ASSIGNED TASK>
The data below is to be transcribed word for word; pictures are to be excluded.

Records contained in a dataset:
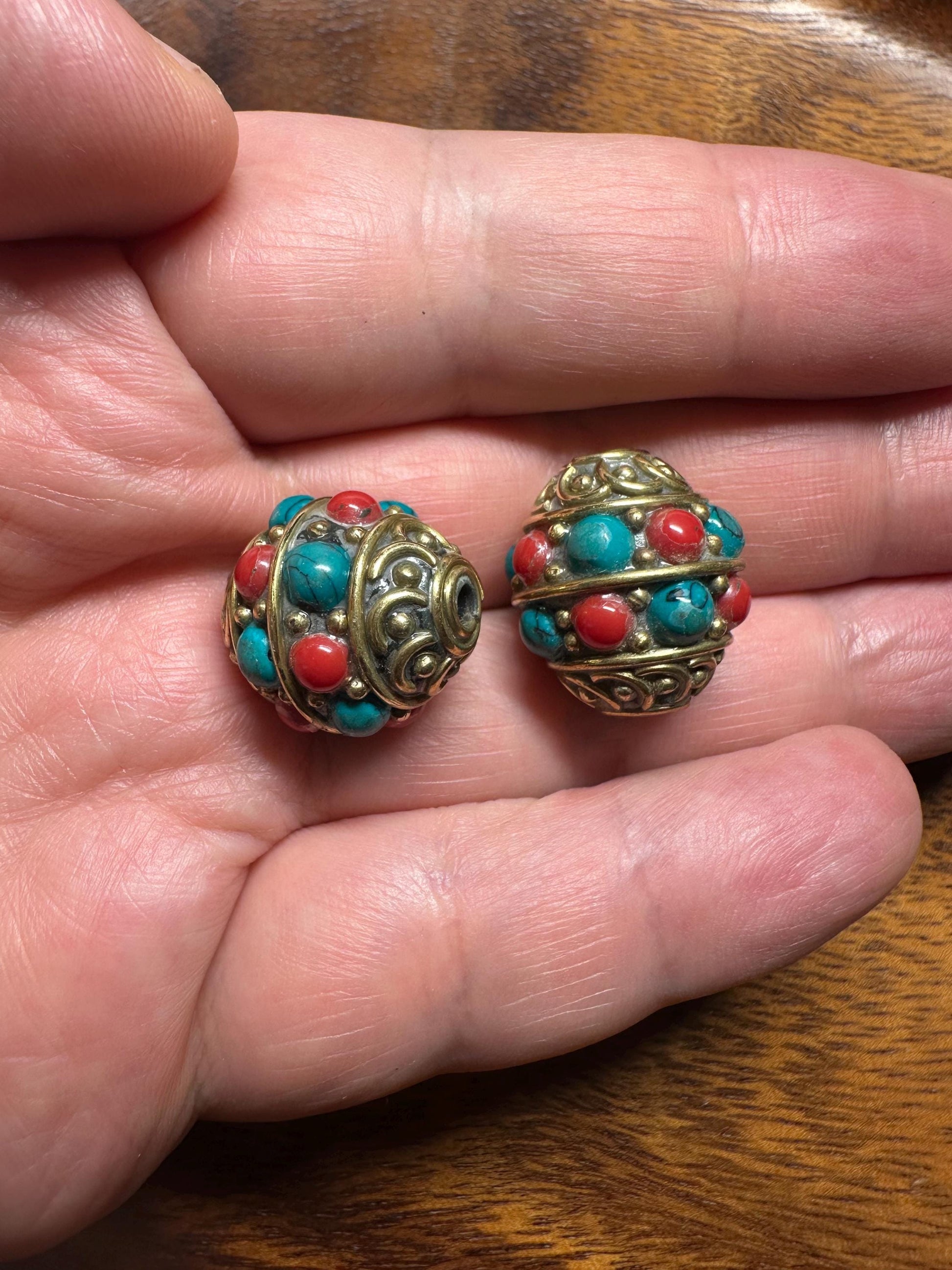 Nepal Tribal Brass Beads: Turquoise & Coral Inlay, Boho Jewelry (Set of 2)
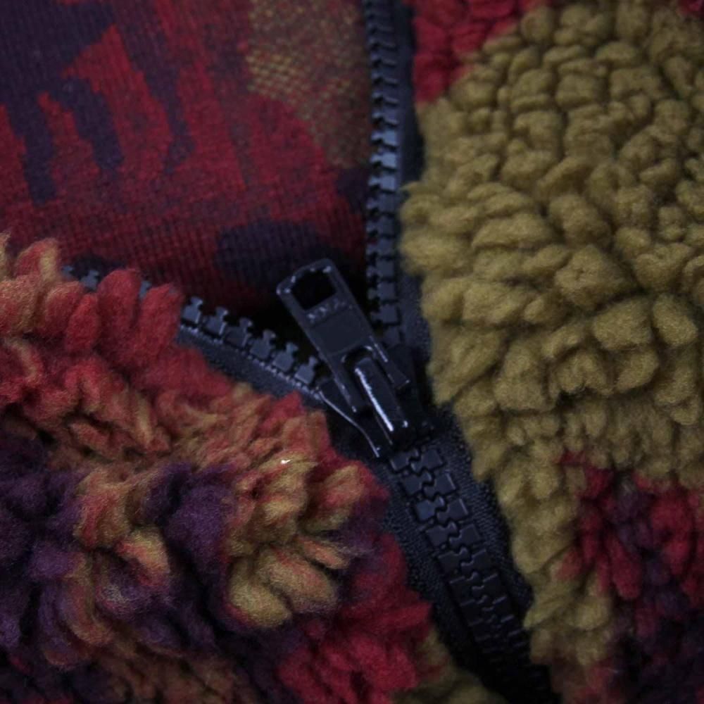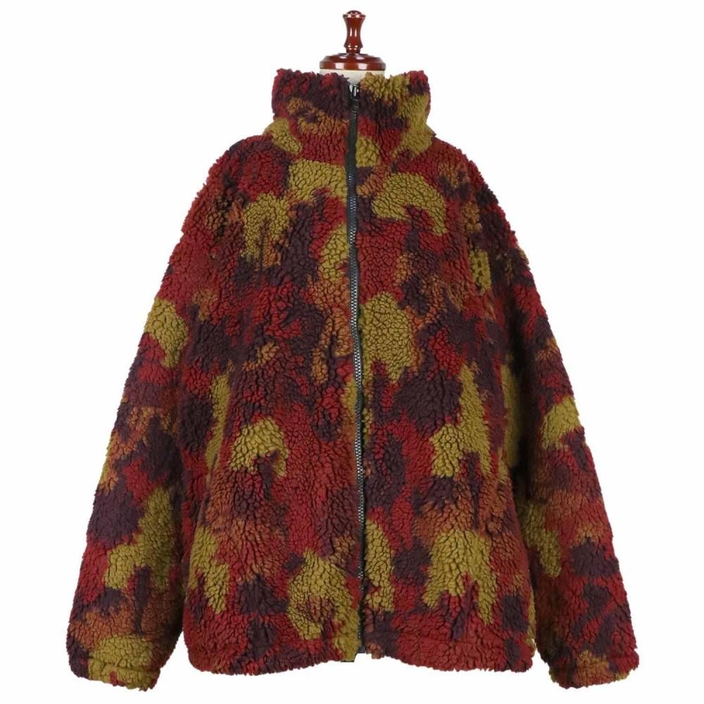 紅葉を思わせるような美しい柄と色合いが目を惹くボアブルゾン。
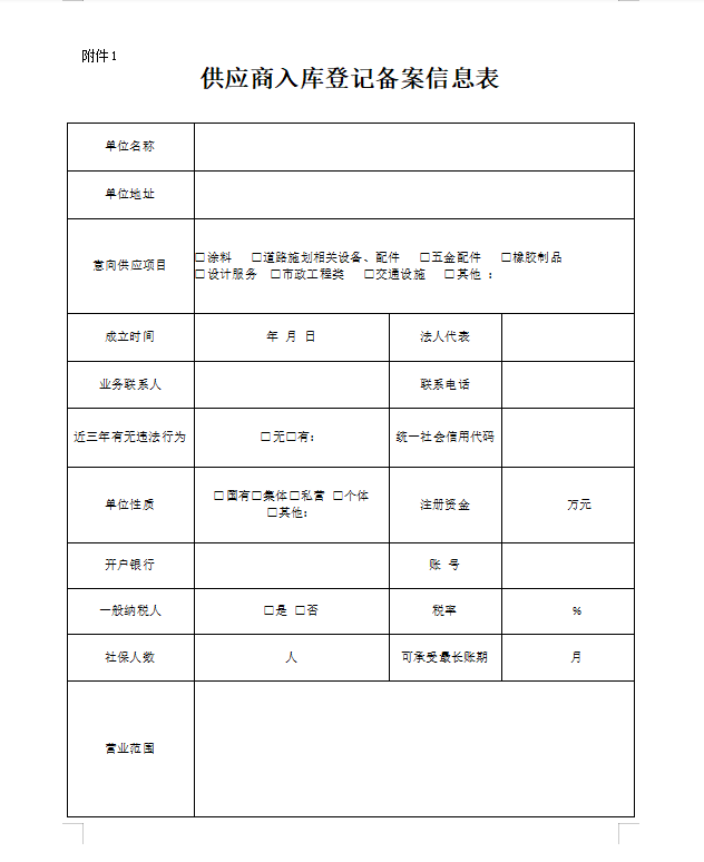 關(guān)于公開(kāi)征集供應(yīng)商入庫(kù)的公告
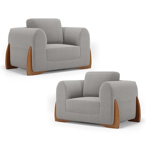 Kit 02 Poltronas Decorativas Living Bloom Com Pés De Madeira Bouclê Cinza - Desk Design
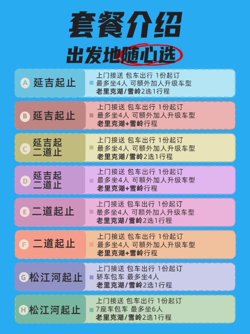 多出发地可选:延吉起止/延吉起二道止/二道起止/松江河起止「起止城市多样」
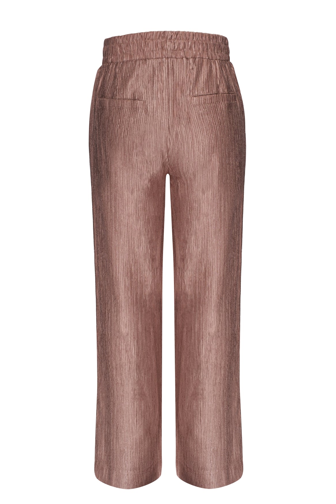 De broek heeft een comfortabele elastische tailleband, rechte pijpen en een moderne cropped lengte. Hierdoor valt de Thane Pants mooi langs het lichaam en creëert hij een rustig, clean silhouette met een luxe finish. De verticale structuur verlengt optisch en geeft de broek een zachte, stijlvolle valling.
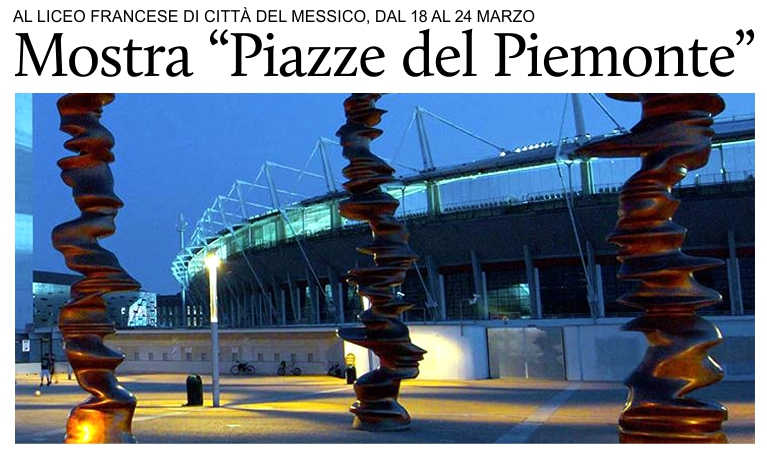 17 marzo 2014 - La mostra “Piazze del Piemonte” —promossa dal Consiglio Regionale del Piemonte e dall'Associazione dei Piemontesi nel Mondo— sarà nel liceo francese di Città del Messico dal 18 al 24 marzo e sabato 22 sarà aperta al pubblico dalle ore 10 alle 18 per i festeggiamenti della “Fêtes des arts”, la settimana dell'arte e della cultura.
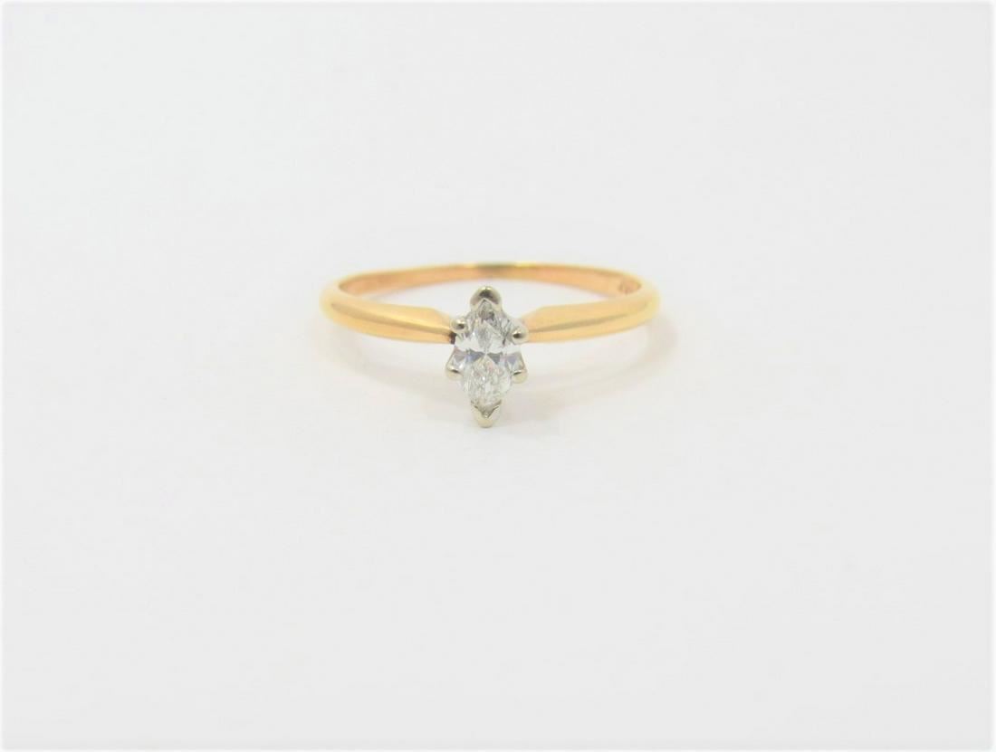 Stamped 14K yellow gold solitaire marquis cut diamond engagement ring. SI2 clarity with G/H color. Approximately 0.37 ct total diamond weight. Size 6. Weighs 1.4 grams.
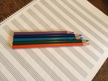 I recently studied a soprano role in its entirety, and decided to use different colors to highlight different parts of the range, with the highest notes going to violet end of the spectrum, and the lowest notes going to the red end of the spectrum. (I left out the yellow and red pencils from this photo, because I use those pencils for general highlights, and correcting.) What you see here is orange, green, blue, indigo and violet. And voila! The violet is the shortest, because I used it the most for the highest part of the range. The pencils get longer, the lower you go on my voice “spectrum,” which reflects the fact that the role has fewer notes in those ranges.
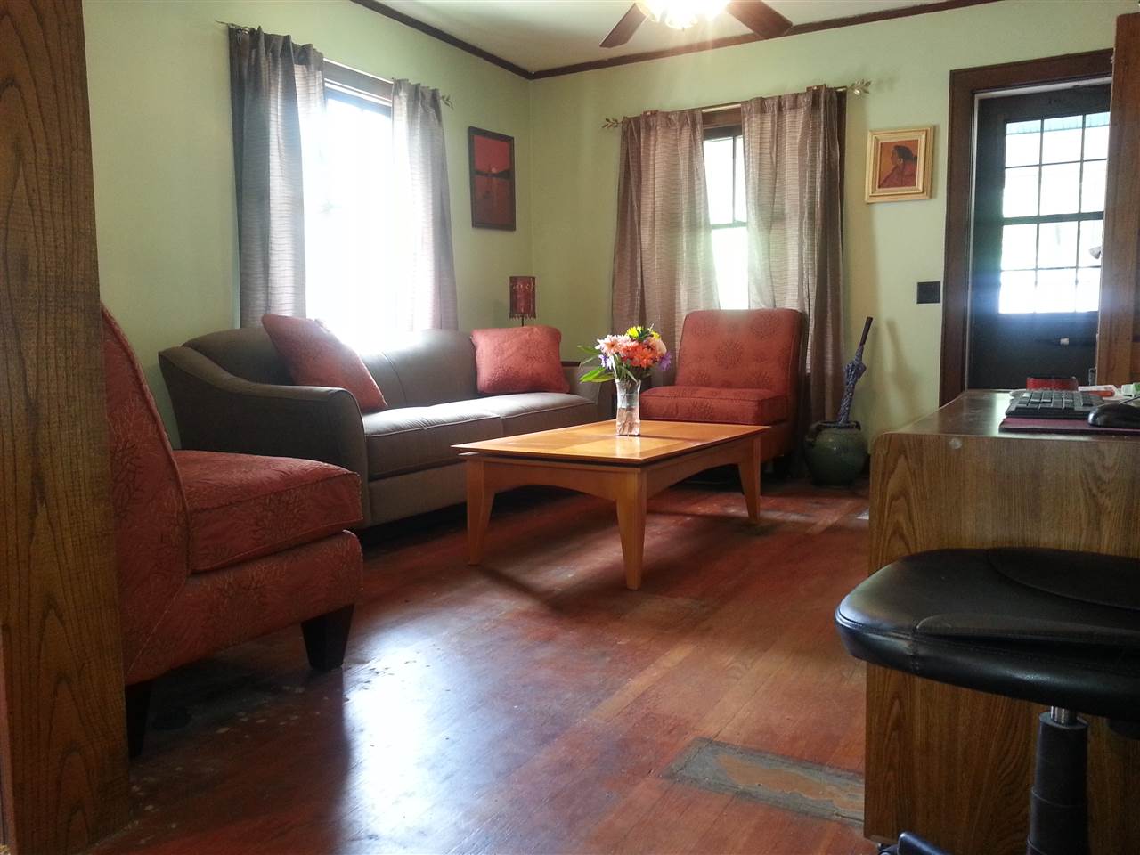 BRIGHT, OPEN and ADORABLE, this 3-bedroom bungalow exudes charm! It features loads of windows, hardwood floors, a main-floor bedroom, a one-car garage, large, sunny, 3-season front porch and an expansive, shady back deck. Although move-in ready, with a little TLC and your personal touch it could really sparkle. Home is being sold "as is" and measurement are approx. Showings: 800-746-9464
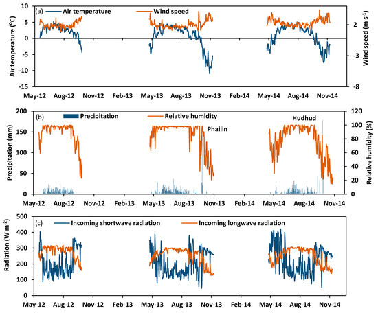 Daily mean values of (a) air temperature and wind speed, (b) precipitation and relative humidity and (c) Incoming shortwave radiation and incoming longwave radiation during 5 June–13 October 2012; 8 May–19 November 2013; and 5 May–15 November 2014.
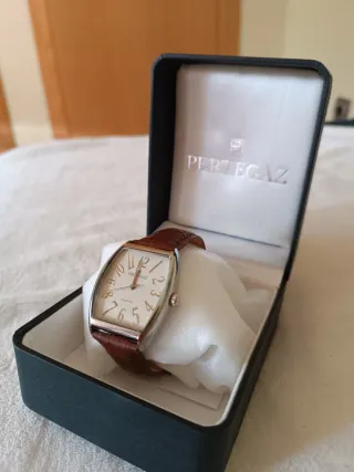Elegante reloj de pulsera Pertegaz para mujer. - Esfera de color blanco con detalles dorados. - Correa de piel marrón. - Caja de metal chapado en oro.
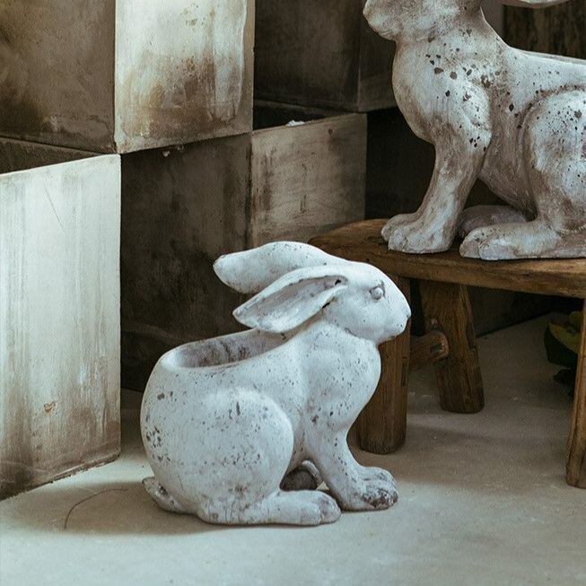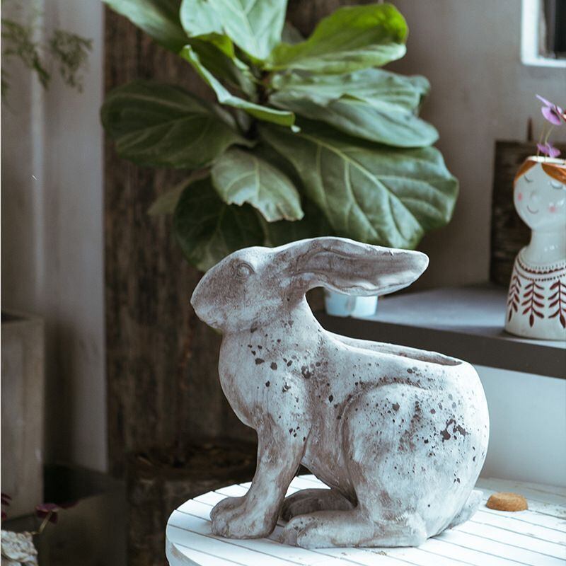 樹脂素材を使用しているため、耐久性が高く、屋外でも安心してご使用いただけます。また、うさぎの丸みを帯びたフォルムが、どこかほっこりとした気持ちを引き起こし、その存在感はインテリアのアクセントとしても目を引きます。
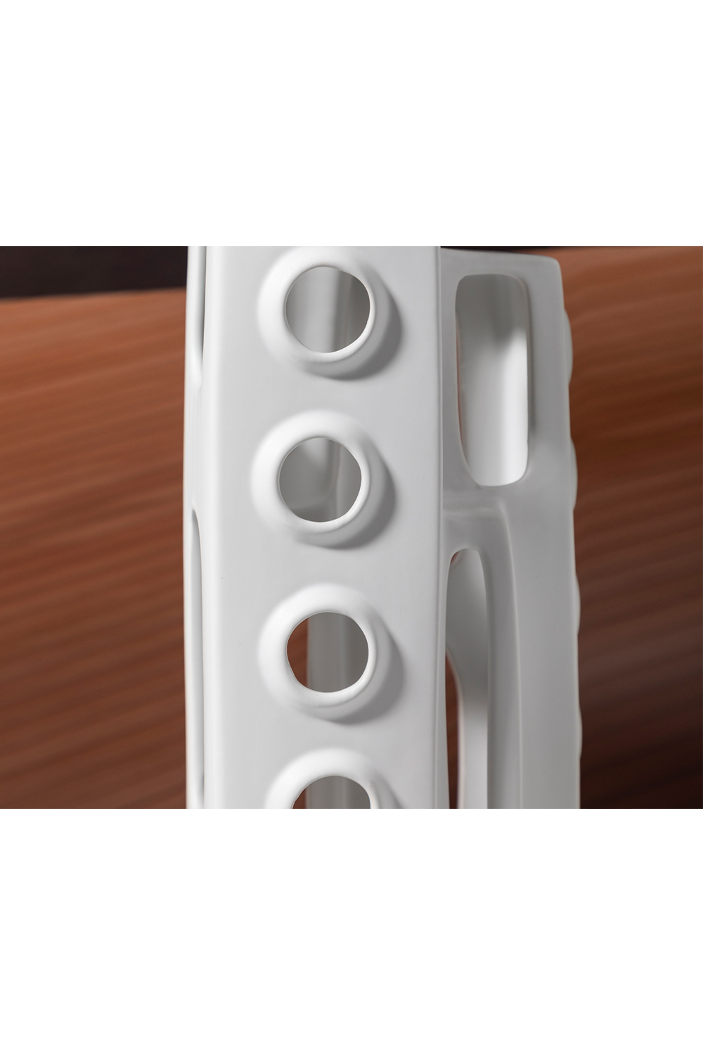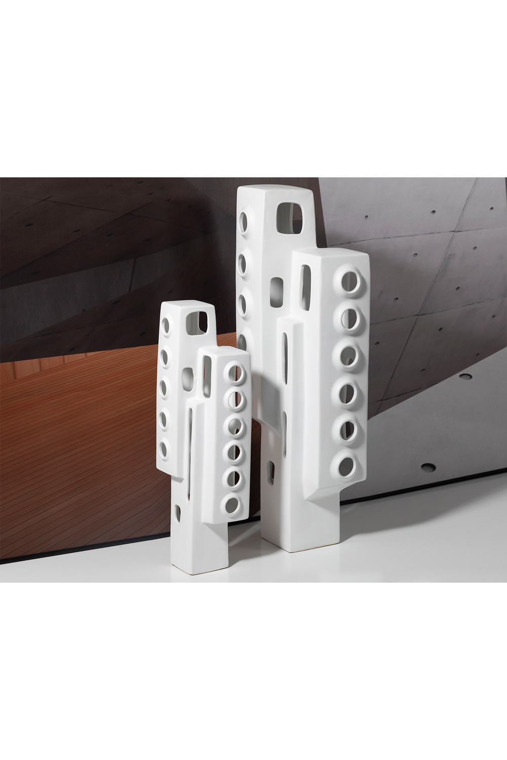 Evoking mid-century studio ceramics and adobe architectural flair, you will find an intriguing conversation piece in the Elm I sculpture. Carefully hand-crafted from ceramic, the Elm features a white glaze and flaunts tonal textures.

YOUR RESPONSE>
 Nepal Tribal Brass Beads: Turquoise & Coral Inlay, Boho Jewelry (Set of 2)
 紅葉を思わせるような美しい柄と色合いが目を惹くボアブルゾン。
 關(guān)于公開(kāi)征集供應(yīng)商入庫(kù)的公告
 Kit 02 Poltronas Decorativas Living Bloom Com Pés De Madeira Bouclê Cinza - Desk Design
 多出发地可选:延吉起止/延吉起二道止/二道起止/松江河起止「起止城市多样」
 De broek heeft een comfortabele elastische tailleband, rechte pijpen en een moderne cropped lengte. Hierdoor valt de Thane Pants mooi langs het lichaam en creëert hij een rustig, clean silhouette met een luxe finish. De verticale structuur verlengt optisch en geeft de broek een zachte, stijlvolle valling.
 17 marzo 2014 - La mostra “Piazze del Piemonte” —promossa dal Consiglio Regionale del Piemonte e dall'Associazione dei Piemontesi nel Mondo— sarà nel liceo francese di Città del Messico dal 18 al 24 marzo e sabato 22 sarà aperta al pubblico dalle ore 10 alle 18 per i festeggiamenti della “Fêtes des arts”, la settimana dell'arte e della cultura.
 Stamped 14K yellow gold solitaire marquis cut diamond engagement ring. SI2 clarity with G/H color. Approximately 0.37 ct total diamond weight. Size 6. Weighs 1.4 grams.
 I recently studied a soprano role in its entirety, and decided to use different colors to highlight different parts of the range, with the highest notes going to violet end of the spectrum, and the lowest notes going to the red end of the spectrum. (I left out the yellow and red pencils from this photo, because I use those pencils for general highlights, and correcting.) What you see here is orange, green, blue, indigo and violet. And voila! The violet is the shortest, because I used it the most for the highest part of the range. The pencils get longer, the lower you go on my voice “spectrum,” which reflects the fact that the role has fewer notes in those ranges.
 BRIGHT, OPEN and ADORABLE, this 3-bedroom bungalow exudes charm! It features loads of windows, hardwood floors, a main-floor bedroom, a one-car garage, large, sunny, 3-season front porch and an expansive, shady back deck. Although move-in ready, with a little TLC and your personal touch it could really sparkle. Home is being sold "as is" and measurement are approx. Showings: 800-746-9464
 Daily mean values of (a) air temperature and wind speed, (b) precipitation and relative humidity and (c) Incoming shortwave radiation and incoming longwave radiation during 5 June–13 October 2012; 8 May–19 November 2013; and 5 May–15 November 2014.
Elegante reloj de pulsera Pertegaz para mujer. - Esfera de color blanco con detalles dorados. - Correa de piel marrón. - Caja de metal chapado en oro.
 樹脂素材を使用しているため、耐久性が高く、屋外でも安心してご使用いただけます。また、うさぎの丸みを帯びたフォルムが、どこかほっこりとした気持ちを引き起こし、その存在感はインテリアのアクセントとしても目を引きます。
 Evoking mid-century studio ceramics and adobe architectural flair, you will find an intriguing conversation piece in the Elm I sculpture. Carefully hand-crafted from ceramic, the Elm features a white glaze and flaunts tonal textures.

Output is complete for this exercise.